Considering the clinical context of the disease, with severe episodes, only partially responsive to classic therapies, the two presented cases are part of the group of complex aphthoses. The response was favorable to colchicine, starting with a dose of 1 mg/day until significant remission was obtained, and continuing with a maintenance dose of 0.5 mg/day for several months of follow-up (10 and 4 months, respectively, in our cases), recording only two mild recurrences in the patient with herpetiform aphthae and no recurrence in the patient with Sutton's ulcers. Colchicine was associated with pentoxifylline in our second patient, considering literature reports of its beneficial effects in reducing the severity and frequency of aphthous ulcer episodes. Pentoxifylline inhibits the production of TNFα and reduces the migration of neutrophils, but its specific action in aphthous stomatitis is still unclear (42). There were no side effects in any of our patients during the follow-up period.

In conclusion, inhibition of multiple inflammatory pathways and modulation of the innate immune response are the main attributes of colchicine exploited in the treatment of several dermatoses, including RAS. Case studies, series of patients and clinical trials, although few, provide evidence of the efficacy of colchicine (level of evidence III) in severe aphthosis, refractory to classical therapies with topical or systemic corticosteroids, pentoxifylline, and cyclosporine. There is no consensus on the ideal therapeutic regimen for colchicine in RAS.

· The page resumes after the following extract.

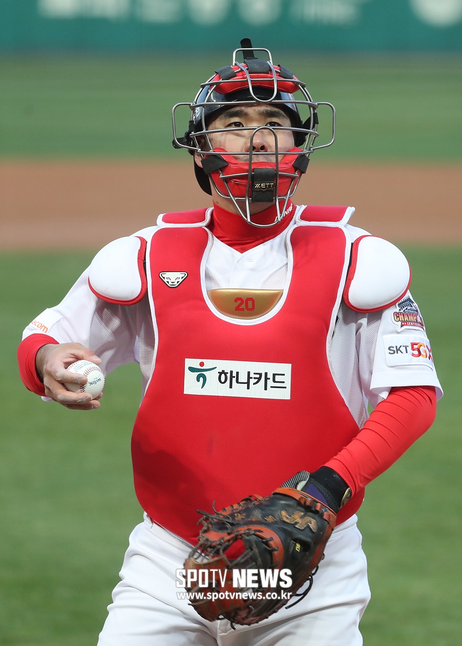 [스포티비뉴스=인천, 곽혜미 기자] 2019 신한은행 MY CAR KBO리그 SK 와이번스와 롯데 자이언츠의 경기가 3일 오후 인천 SK행복드림구장에서 열렸다. 1회초 SK 포수 이재원이 파울 타구를 바라보고 있다.

Therapeutic doses of 0.5-1.5 mg/day are usually free of noticeable side effects, even after 6-9 months of treatment, provided that drug interactions are avoided and doses are adjusted in patients with hepatic or renal impairment. The choice of treatment with colchicine in severe aphthosis should take into account the severity of the lesions, their chronic nature, the lack of therapeutic efficacy of other medications and the context of the patient morbidity. The mechanism of action underlying the efficacy of colchicine in various dermatoses, as well as the optimal therapeutic regimen, including RAS, require further extensive research.